Control is also a factor. If you’re going through a divorce, you may feel overwhelmed by all the changes in your life, but you can control what kind of food you eat, Markey said. That’s not to say people are doing it consciously, she added.

For many, it’s also an incredibly energy-draining time of life. As the divorce unfolds, you have to keep working, try to not unsettle your children’s lives, pack, move into a new home and so on.

Once they finalize a split, people may lose weight for personal reasons. If you’re stuck in a miserable marriage and don’t take good care of yourself, a divorce is a chance to be more healthy, Feuer noted.

She also finds many new singles put emphasis on looking and feeling good because they want to go back into the dating world.

RELATED: What to say when a friend gets divorced

If you’re going through it now, the experts had these reminders:

1. Stress-induced appetite loss is not a healthy way to lose weight.

Markey didn’t want or need to lose weight, but she quickly shed 10 pounds and weighed less than she had since her first year of high school. Since she found food nauseating, she got the nutrients she needed by ingesting liquid calories — drinking smoothies and switching to whole milk — the opposite of what she usually advises people to do when they want to lose weight.

“It’s sad that people assume any time you’re losing weight, it’s a good thing. And it’s not, necessarily,” she said.

2. You’ll likely gain the weight back.

Both Markey and Feuer said they eventually returned to their normal weight.

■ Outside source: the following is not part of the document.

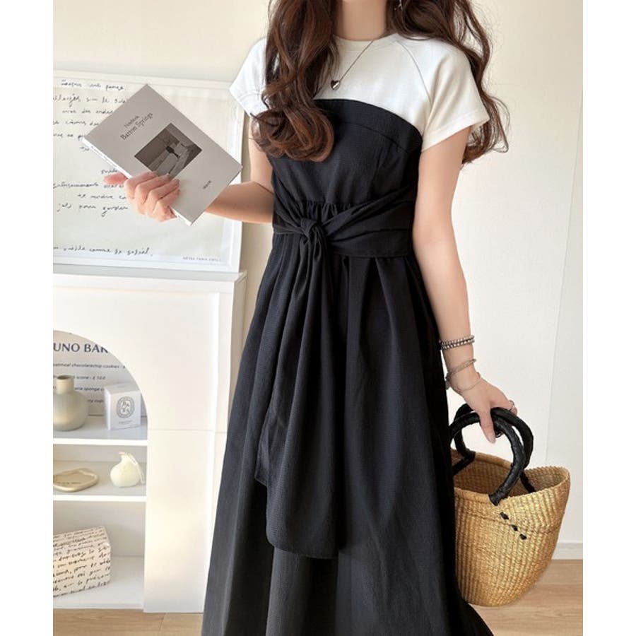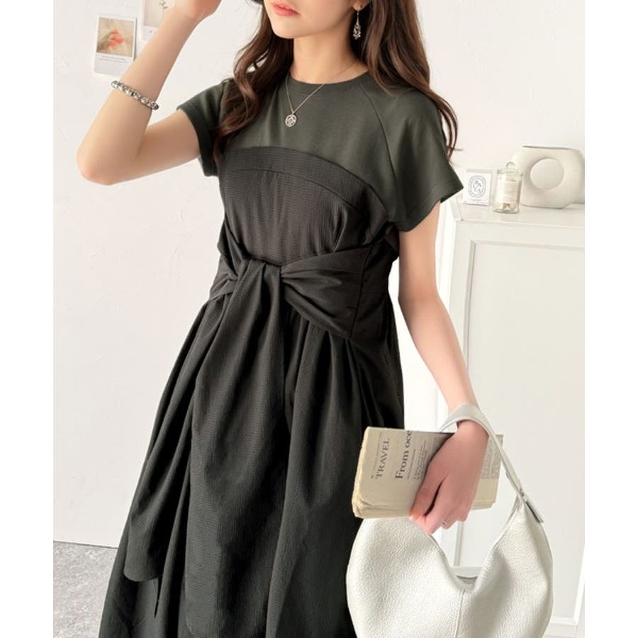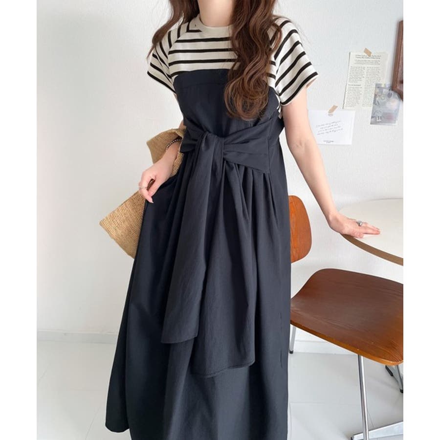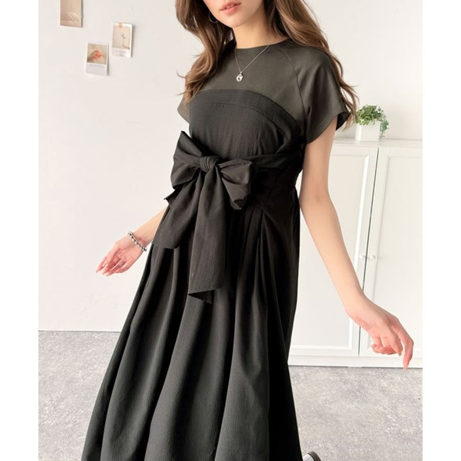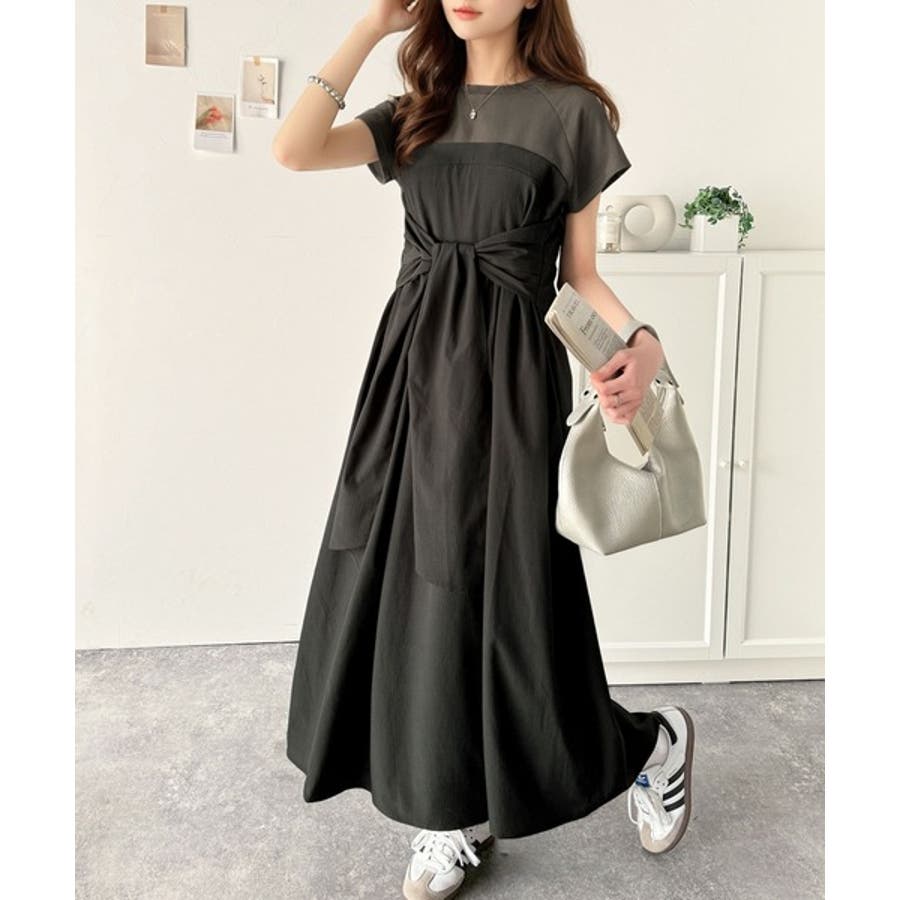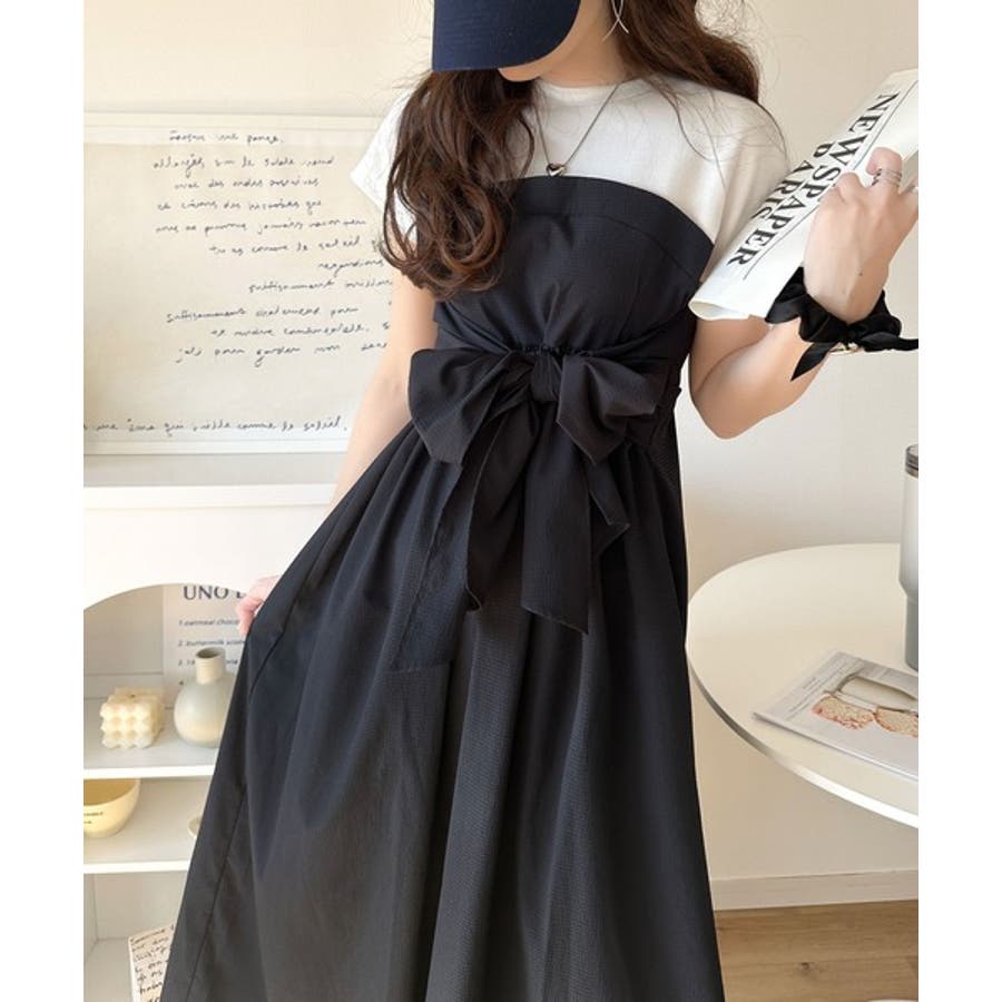 【チャコール×ブラック】一枚で旬のワンピスタイルが完成♪ビスチェ風2wayリボン使いサッカー素材ドッキン…

“Your head sort of switches to… ‘I want to lose weight in the right way’ and do it because I want to feel good again and get my life back on track,” Feuer said.

3. Sleep, eat right and exercise.

Don’t skip meals, stay active to help with your anxiety and try to get enough rest, Feuer advised. If you can’t sleep, seek a doctor’s help, she added. Yoga and meditation can be particularly soothing during this stressful time.

Take care of yourself by getting emotional support from friends and family, the American Psychological Association advises.

4. Ask for help

As in many situations, women are apt to put themselves last, Markey said. Ignoring your own needs will make everything more difficult, especially if you’re tired, hungry or stressed. Ask for help and be specific — “Could you watch my kids this afternoon?” — because friends often don’t know what help to offer.

5. Think of divorce as an opportunity to start again.

Even if they want a divorce, people are often sad when it happens. Feuer tries to have them focus on new opportunities that wouldn’t be possible if they had stayed in the marriage.

“I try to help them see this is a time they can really have the life they always wanted. Because sometimes being in a marriage, especially in an unhappy marriage, held you back from some of the things you wanted to do,” she said. “It’s your opportunity to reflect. What is it you really want out of life?”